## Instructions for the task
Below are some records; output exactly the lines from the line with "12月18日(水)、今日の給" to the line with "Присутствует функция Адаптивный", both ends kept, and nothing more.

## Data for processing
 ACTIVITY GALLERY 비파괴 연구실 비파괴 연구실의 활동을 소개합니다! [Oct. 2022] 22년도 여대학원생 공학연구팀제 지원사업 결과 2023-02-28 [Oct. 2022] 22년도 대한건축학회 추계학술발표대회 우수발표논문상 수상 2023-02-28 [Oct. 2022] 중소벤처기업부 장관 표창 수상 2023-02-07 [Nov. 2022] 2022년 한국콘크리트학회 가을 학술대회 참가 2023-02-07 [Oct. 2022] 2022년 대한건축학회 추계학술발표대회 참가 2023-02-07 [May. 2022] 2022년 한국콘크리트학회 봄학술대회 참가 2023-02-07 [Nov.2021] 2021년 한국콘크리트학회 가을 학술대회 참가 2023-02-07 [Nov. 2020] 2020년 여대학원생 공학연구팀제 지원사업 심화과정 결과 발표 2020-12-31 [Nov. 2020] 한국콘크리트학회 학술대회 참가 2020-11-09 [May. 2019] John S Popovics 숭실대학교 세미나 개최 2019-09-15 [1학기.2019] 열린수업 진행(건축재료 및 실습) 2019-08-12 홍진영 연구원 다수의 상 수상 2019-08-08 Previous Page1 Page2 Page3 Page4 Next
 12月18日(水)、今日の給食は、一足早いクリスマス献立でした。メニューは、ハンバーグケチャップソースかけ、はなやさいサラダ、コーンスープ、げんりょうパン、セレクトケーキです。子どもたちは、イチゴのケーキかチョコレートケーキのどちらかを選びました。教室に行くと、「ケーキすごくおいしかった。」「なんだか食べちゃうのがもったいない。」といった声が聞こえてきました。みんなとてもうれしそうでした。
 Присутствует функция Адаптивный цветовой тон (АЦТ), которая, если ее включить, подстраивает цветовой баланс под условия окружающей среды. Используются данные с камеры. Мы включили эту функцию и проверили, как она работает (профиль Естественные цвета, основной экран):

==

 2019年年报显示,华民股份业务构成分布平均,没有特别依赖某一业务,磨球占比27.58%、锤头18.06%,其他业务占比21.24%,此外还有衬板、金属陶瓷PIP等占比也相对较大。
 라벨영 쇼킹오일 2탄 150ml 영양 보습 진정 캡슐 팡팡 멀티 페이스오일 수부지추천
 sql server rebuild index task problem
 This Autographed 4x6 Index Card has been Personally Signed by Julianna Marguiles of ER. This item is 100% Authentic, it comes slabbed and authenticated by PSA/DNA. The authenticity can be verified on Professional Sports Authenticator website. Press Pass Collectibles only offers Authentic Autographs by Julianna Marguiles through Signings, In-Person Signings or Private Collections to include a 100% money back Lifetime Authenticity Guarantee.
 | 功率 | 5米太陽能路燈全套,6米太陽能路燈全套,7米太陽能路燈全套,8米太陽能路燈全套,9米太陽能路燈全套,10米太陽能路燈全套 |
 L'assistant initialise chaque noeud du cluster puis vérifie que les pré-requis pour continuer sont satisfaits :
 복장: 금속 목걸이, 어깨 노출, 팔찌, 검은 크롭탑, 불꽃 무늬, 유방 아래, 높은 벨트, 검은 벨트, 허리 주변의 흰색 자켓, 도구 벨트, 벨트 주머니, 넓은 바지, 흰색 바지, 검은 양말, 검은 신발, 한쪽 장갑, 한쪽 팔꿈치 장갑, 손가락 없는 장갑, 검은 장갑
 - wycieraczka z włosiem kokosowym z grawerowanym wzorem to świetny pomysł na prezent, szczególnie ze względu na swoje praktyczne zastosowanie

## Expected answer
 12月18日(水)、今日の給食は、一足早いクリスマス献立でした。メニューは、ハンバーグケチャップソースかけ、はなやさいサラダ、コーンスープ、げんりょうパン、セレクトケーキです。子どもたちは、イチゴのケーキかチョコレートケーキのどちらかを選びました。教室に行くと、「ケーキすごくおいしかった。」「なんだか食べちゃうのがもったいない。」といった声が聞こえてきました。みんなとてもうれしそうでした。
 Присутствует функция Адаптивный цветовой тон (АЦТ), которая, если ее включить, подстраивает цветовой баланс под условия окружающей среды. Используются данные с камеры. Мы включили эту функцию и проверили, как она работает (профиль Естественные цвета, основной экран):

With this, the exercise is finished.